- Date: 20 Sep 2012
- Venue: Bell family farm, Co. Antrim
Obtaining the highest possible flock performance levels was the clear focus of the UGS (Ulster Grassland Society) Autumn Farm Walk, courtesy of a visit for members and non members to the Co Antrim farm of Roger and Hilary Bell.
Over the past number of years a strong commitment to improved drainage and regular re-seeding has paid a handsome dividend in allowing them secure exemplary levels of animal performance from both grazed grass and silage. High clover inclusion rates are a key feature of all the swards on the farm, which runs from 650 to 800 feet above sea level.
The sheep flock, for the most part comprises, Texel/Mule ewes. Roger buys in a number of purebred Mules on a regular basis.
“We cross the Mules with a Texel tip,” Roger explained.
“All of the crossbred ewes are bred to Suffolk rams in order to produce high quality lambs with an inherent ability to make best use of grazed grass. All our ewe lambs are put to Charollais tips.”
The commitment of both Roger and Hilary to their sheep enterprise is fully reflected in the flock’s benchmarking figures. Last year, they achieved a staggering 1.89 lambs sold per ewe across the entire flock.

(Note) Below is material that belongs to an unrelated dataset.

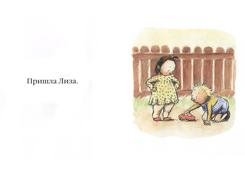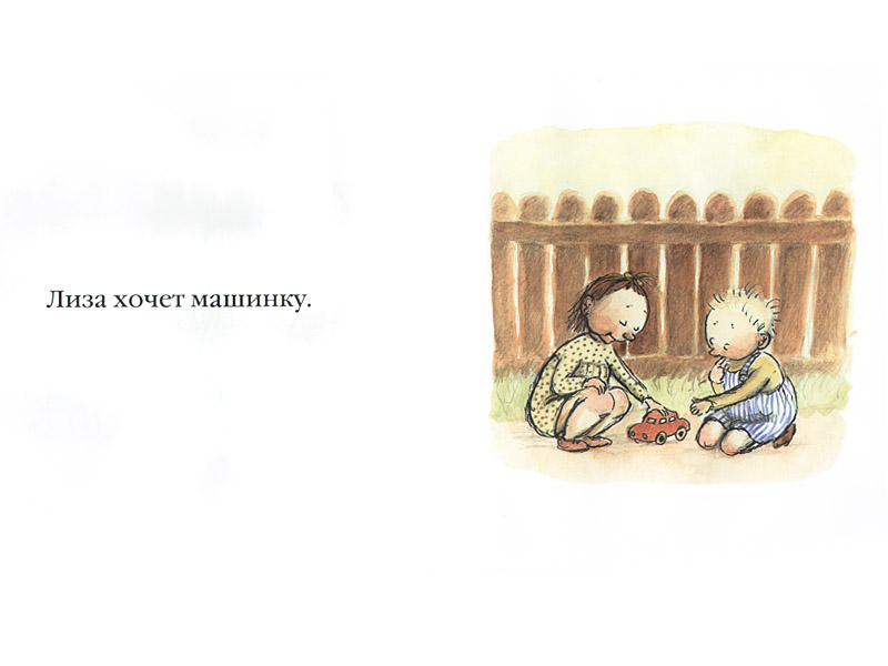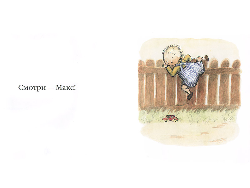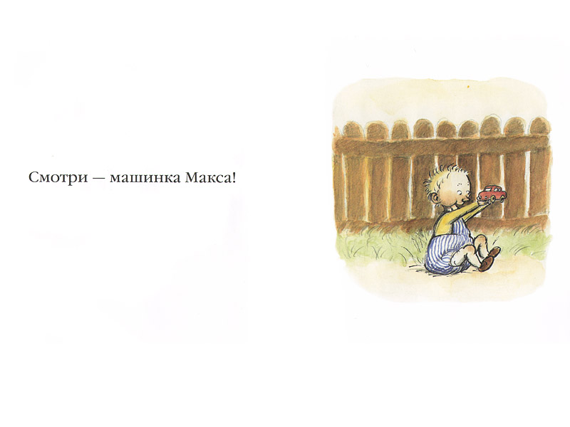 Опытные взрослые чтецы хорошо знают, что когда читаешь малышу, авторский текст ‒ лишь отправная точка для устного родительского творчества: «Смотри, вот у Макса машинка! Красная машинка! Ему нравится машинка! Он радуется! Макс играет машинкой… А вот пришла девочка. Девочка Лиза. Ей нравится машинка? Давай читать дальше!» ‒ в общем, «что вижу, о том и пою». И здесь особенно важна точная работа художника.

This figure takes account of empty ewes and those lost during the year.
“Benchmarking is crucially important,” Hilary commented.
“Yes it allows us to compare our performance with other sheep producers. But, more importantly, it gives us the means by which we can monitor our own performance on a year to year basis.”
August is the month when the Bells’ flock is sheared. This schedule has been chosen to ensure that the ewes will not be overly covered with wool when housed in early January.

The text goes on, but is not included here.